For end developers creating backend applications, this additionally means they must learn the ins, outs and various edge cases or idiosyncracies for this particular implementation. This adds mental overhead and often results in unexpected issues. For example, express will error if you res.send after middleware has already sent the headers, which is not remotely obvious.

This leads us to the second issue.

Visibility and Comprehensibility

Using approaches like the above, where middleware is defined somewhere and handlers somewhere else, makes it difficult to answer the question: "what code is actually executed during this request?".

These approaches use the framework, and more specifically it's router, as the source of truth for orchestration. But when our API recieves a request it has a single endpoint, a single destination. Following this logic instead, our route handlers should really be the "true" basis or source of truth for what happens. Additionally, by deferring execution to a router, instead of just using the programming language itself to run the code, the ability for us (and our compiler) to associate related code is greatly diminished, making e.g. type-safety impossible.

Responsibility

In typical web frameworks, middleware are granted the ability to imperatively orchestrate the app. Given middleware is often non-owned code (third party), this further obscures what's going on under the hood. In actuality, middleware operates in such a way that this affordance is often not worth it.
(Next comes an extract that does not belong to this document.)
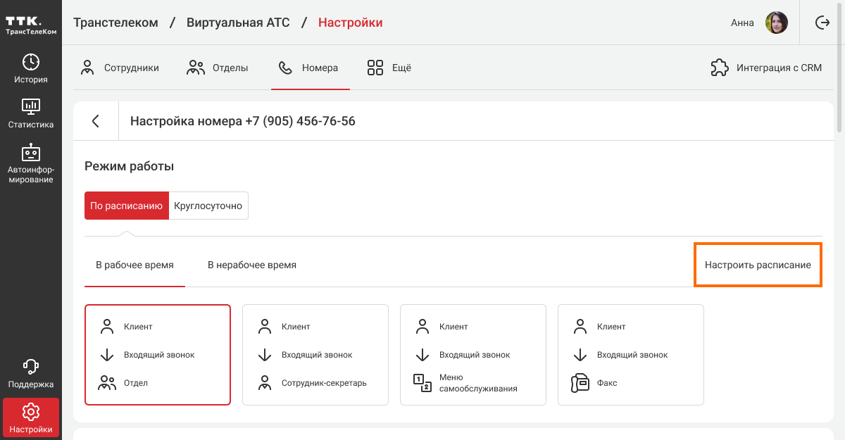 Выберите номер, для которого нужно установить расписание. В разделе «Режим работы» перейдите на вкладку «По расписанию» и нажмите «Настроить расписание».

Instead, webroute inverts the responsibility for orchestration. Middleware is only responsible for doing work, and returns values that indicate a suggestion for what should happen next. Instead of next(), middleware can return data, a Response or a response handler, to indicate whether it has computed some data or state, wants to terminate the request early, or do some post-processing on the outgoing Response.

Mutability

Web frameworks frequently employ mutability as the central mechanism for communication and effecting change. Once again, this makes it more difficult to determine what is happening, or to create robust systems.

Instead, webroute prefers a kind of "functional pipeline" approach, where data flows through various functions which can offer to update that data. It is loosely immutable, meaning it's not truly immutable, but leans into immutability as the primary mechanism, over mutating data.

Every piece of functionality, thus becomes a producer, instead of a mutator. The end user can then decide what to do with the "produce", if anything. Consequently, our system becomes much more observable and trivially customiseable.

No Web Standards

Aside from the bespokeness of the Request and Response objects, described above, most frameworks additionally suffer from not leaning into standards. Web standards are a relatively new and evolving standard which provide an opportunity for more standardised tooling too, if we choose to sieze it.


All of these improvements over the traditional approaches enable much more observable and reliable backends. Perhaps even more importantly, any code we (or others) write has a much longer lifetime since it is decoupled from any framework, and built on web-standards.